I get it now, what you saw in it all, she told her sister, wherever she was. I see what you see.

4/26, 11:55 pm

From: Farrow, Peter W SPC

To: Maxfield, Michelle

Subject: A short list

The things I would rather do than go on patrol:

• Talk to you

• Take you on a date

• Make out with you

• Play music for you

• Listen to you play music for me (not on a guitar, just on the radio or something, no offense)

• Make out with you

• Read your letters

• Talk to you through a computer screen

• Make out with you

• Sit and stare off into space while thinking about you

• Stand and stare off into space while thinking about you

• Walk and stare off into space while thinking about you

• Sleep and stare off into space while thinking about you

• Bathe and stare off into space while thinking about you (sorry if that’s explicit)

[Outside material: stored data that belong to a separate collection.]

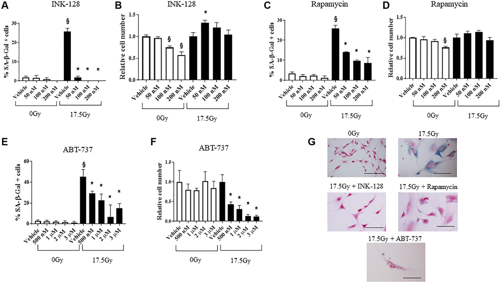 Senescent cells evade apoptosis by upregulating Bcl-xL and Bcl-w. Agents that inhibit these molecules are widely known to selectively induce apoptosis in senescent cells [32]. We confirmed the capacity of ABT-737, a BH-3 mimetic inhibitor of Bcl-2, Bcl-xL and Bcl-w [33] to selectively kill senescent murine cells in vitro. ABT-737 was delivered to NIH-3T3 cells 3 days after 17.5 Gy IR, and the percent of cells with SA-β-Galactosidase activity and relative cell numbers were assessed 2 days after drug treatment (Figure 2E–2G). ABT-737 significantly decreased the senescent cell population relative to vehicle alone at 5 days after IR with minimal toxicity in unirradiated cells. Together, these data demonstrate the senostatic function of rapamycin and INK-128, and senolytic activity of ABT-737 in murine cells.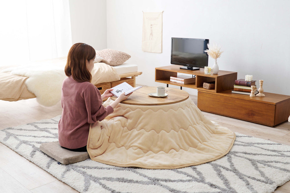 円形のこたつテーブルは、コンパクトで一人暮らしにも置きやすいのに加え、丸みが優しい雰囲気を与える点が魅力。こたつ布団も円形のものを選んで、丸みの良さをさらに引き出しましょう。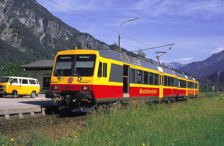 Am 28. Juli 1985 hat der ET 10.101 soeben den Bahnhof von Tschagguns in Richtung Schruns verlassen. Im Hintergrund ist die markante Pfarrkirche von Tschagguns zu sehen. |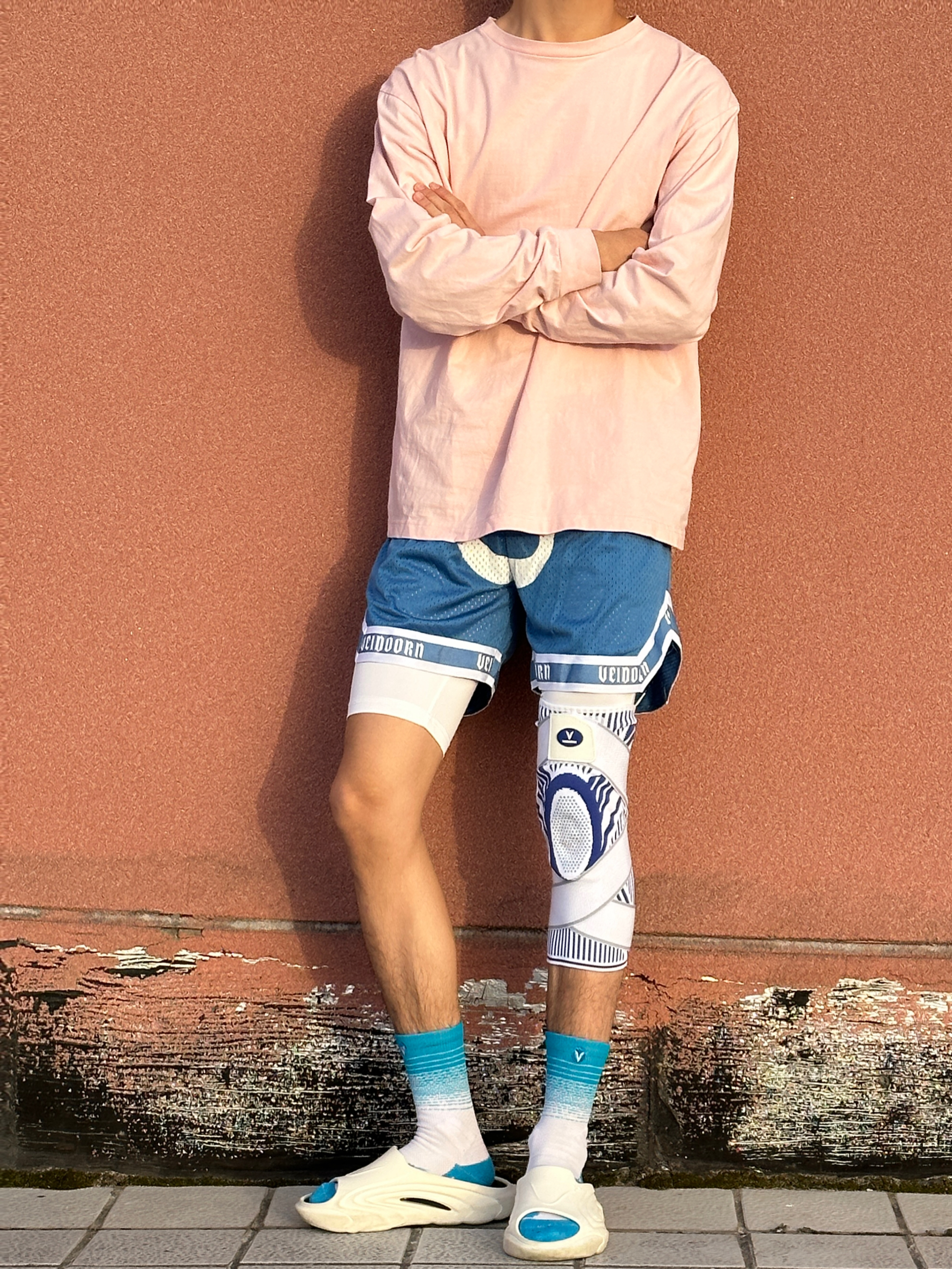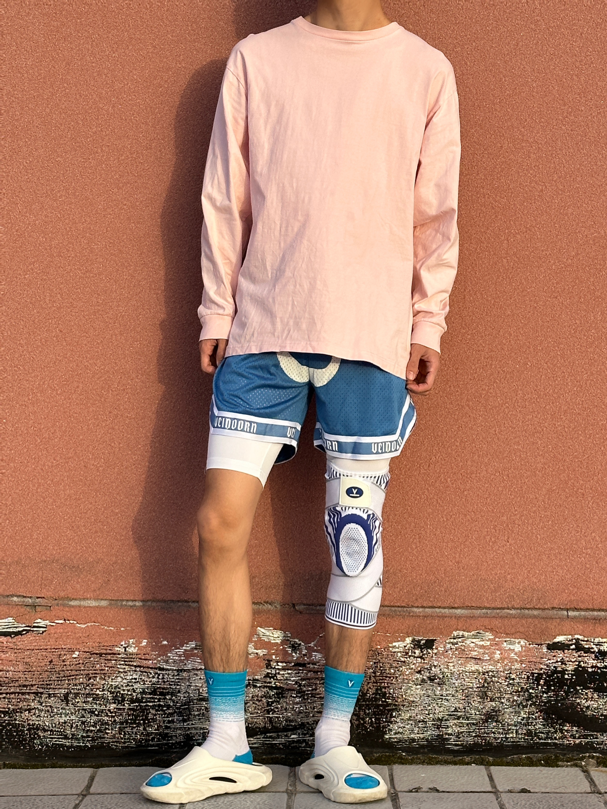 夏天就要穿搭短裤打篮球🏀 每天保持运动状态❕ 粉色T恤➕蓝色篮球短裤 今天去内场 穿上拖鞋就出发❗️ 今天约一场比赛🆚 穿上护膝 来打一打强度 维动这条护膝🌟 整体包裹性很不错 🤩 有效保护膝盖 打一打强度运动还是要带个护膝合适🥰 护膝:短裤:维动 VEIDOORN

Tomorrow we go out for a few days. I’ll try to email you again, but I can’t guarantee it won’t be complete gibberish. I’m having trouble making my hands or brain do anything else but… yeah. You get it already. I love you. I’m in love with you!

—P

CHAPTER TWENTY-SIX

The mutters of fifteen members of Kelsey’s dance team echoed throughout the Lawrence High gym, but Kelsey wasn’t listening. She went in phases with the real world: Sometimes, she wanted to describe every detail in her head to Peter, just to know that he, too, had once tasted food, seen sun, tripped over a rug. But sometimes, everything in the world felt somehow unnecessary, because she didn’t need any of it if it wasn’t a part of him. The Lions Dance Team was waiting for Gillian to arrive at the last—and most important—dance practice of the year. Today, they voted on next year’s captains.